Vento umido femminile che porta pioggia e prosperità nutrendo piante di mais e gonfiando d’acqua e di gamberi le lagune della costa oceanica, vento secco maschile che con raffiche a 200 km orari rivolta i Tir che attraversano l’autostrada panamericana, solleva le canoe dei pescatori e la polvere depositata sulle macerie dall’ultimo, terribile, terremoto.
Nell’Istmo di Tehuantepec, i venti animano i racconti mitici degli Ikojts, si trasformano gli antenati in esseri potenti e vitali: bambini prodigiosi, fulmini, santi volano alla velocità delle nubi segnando il paesaggio, costruendo identità.

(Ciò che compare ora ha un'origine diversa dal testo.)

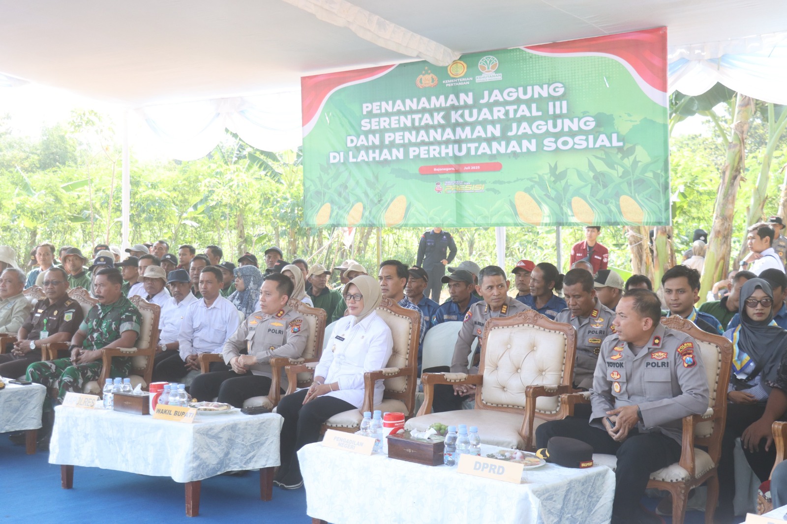 Dalam kegiatan tersebut, Kapolres Bojonegoro AKBP Afrian Satya Permadi, SH, SIK, MIK hadir bersama jajaran Forum Koordinasi Pimpinan Daerah (Forkopimda) Bojonegoro. Tampak hadir Wakil Bupati Bojonegoro Nurul Azizah, Kasdim 0813 Mayor Inf Bambang Riyanto, perwakilan Kejaksaan Negeri, Wakapolres, PJU Polres Bojonegoro, pihak Perhutanan Sosial, Perhutani, serta sejumlah tamu undangan lainnya.

Una mito-logica d’altrove, negli stessi territori, narra di energie infinitamente consumabili, di territori immaginati vuoti, di venti incanalati in reti elettriche per rinverdire con crediti virtuali (“buoni-carbone”) il nero liquido dell’economia fossile, estratto poco più in su, dal fianco destro delle viscere messicane.
Conduco la ricerca nel territorio eterotopico dell’Istmo di Tehuantepec, dove la storia lunga un secolo di estrazione e raffinazione del petrolio (“patrimonio nazionale”) convive ultimamente con la liberalizzazione energetica di stampo green. Leggo questi processi dalla prospettiva locale del pueblo di San Dionisio del Mar, dove una parte della popolazione Ikojts si è opposta con successo al progetto di un ennesimo parco eolico, tra i tanti che negli ultimi vent’anni hanno progressivamente mutato il paesaggio e circondato le lagune. I concetti di limite, sostenibilità, valore e finanziarizzazione della natura sono qui utilmente messi alla prova, al fine di comprendere da un lato gli esiti politici, a diversi livelli di scala, prodotti dagli assemblaggi tecnico-ecologici del bio-capitalismo, dall’altro per riflettere su quali siano le strade percorribili per realizzare la convivenza tra le necessità della conversione energetica e gli evidenti fallimenti della stessa osservati sul piano concreto della pratica situata.